Ukraine’s largest bank announced forced collection proceedings against former owners Ihor Kolomoisky and Hennadiy Boholiubov after both oligarchs failed to pay more than $3 billion by a 24 November deadline set by London’s High Court, the bank stated.
A worldwide freezing order on the oligarchs’ assets has been in place since December 2017—eight years during which neither man has paid a single dollar toward the judgment.

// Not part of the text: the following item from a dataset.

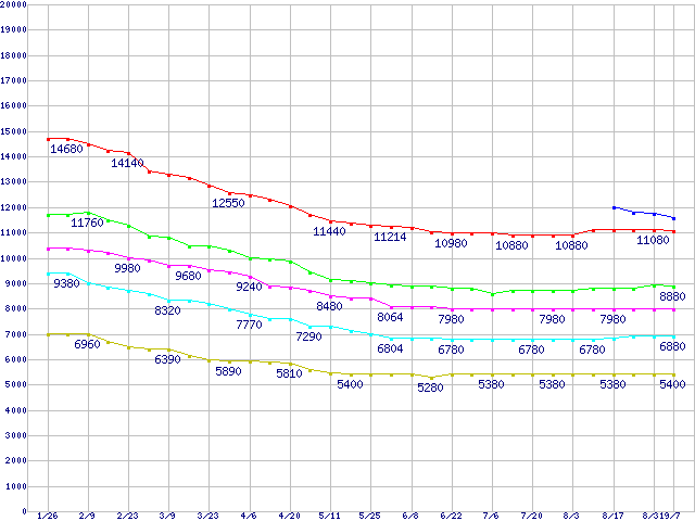 Deskstar T7K500 (7200rpm,Serial ATA II/3Gbps)の最安値推移

A British judge called it a “brazen fraud that nearly collapsed Ukraine’s entire banking system.” Ukraine imposed sanctions on both men in February 2025, blocking their Ukrainian assets.
London orders PrivatBank oligarchs to pay Ukraine $3bn for largest bank fraud in country’s history
Court rejects appeals
After the 11 November ruling ordering payment within 14 days, both oligarchs requested permission to appeal and suspension of enforcement. The court rejected both motions, Ukrainian outlet Minfin reported, meaning the judgment became immediately enforceable.
PrivatBank says it will now pursue asset recovery across multiple jurisdictions: “The bank has the experience and resources necessary to use all available legal mechanisms for forced execution—regardless of the complexity of the asset ownership structure.”
The case represents a test of whether Western courts can actually recover assets hidden by post-Soviet oligarchs through layered offshore structures.
One in Kyiv jail, one in Vienna
Kolomoisky has been in a Kyiv pretrial detention facility since September 2023, facing charges of fraud and money laundering. His co-conspirator, Boholiubov, fled Ukraine in June 2024, using what investigators call an invalid passport, and now resides in Vienna.
Austria has become a haven for Ukrainian officials and oligarchs evading justice.
During his June 2025 Vienna visit, President Volodymyr Zelenskyy directly raised the issue, calling for Austrian support on “the presence of former Ukrainian officials and oligarchs who are evading justice by hiding in Europe, including Austria.”
$5.5 billion fraud that shook Ukraine
Between 2010 and 2014, Kolomoisky and Boholiubov siphoned approximately $5.5 billion through a network of over 50 shell companies—roughly 1.5% of Ukraine’s entire 2014 GDP. The scheme funneled money through PrivatBank’s Cyprus branch to offshore entities controlled by the pair.
When Ukraine nationalized the bank in December 2016, the government injected $5.6 billion to prevent collapse—a bailout ultimately borne by Ukrainian taxpayers. PrivatBank pursued the case in London rather than Ukrainian courts, which British judges deemed compromised due to Kolomoisky’s influence.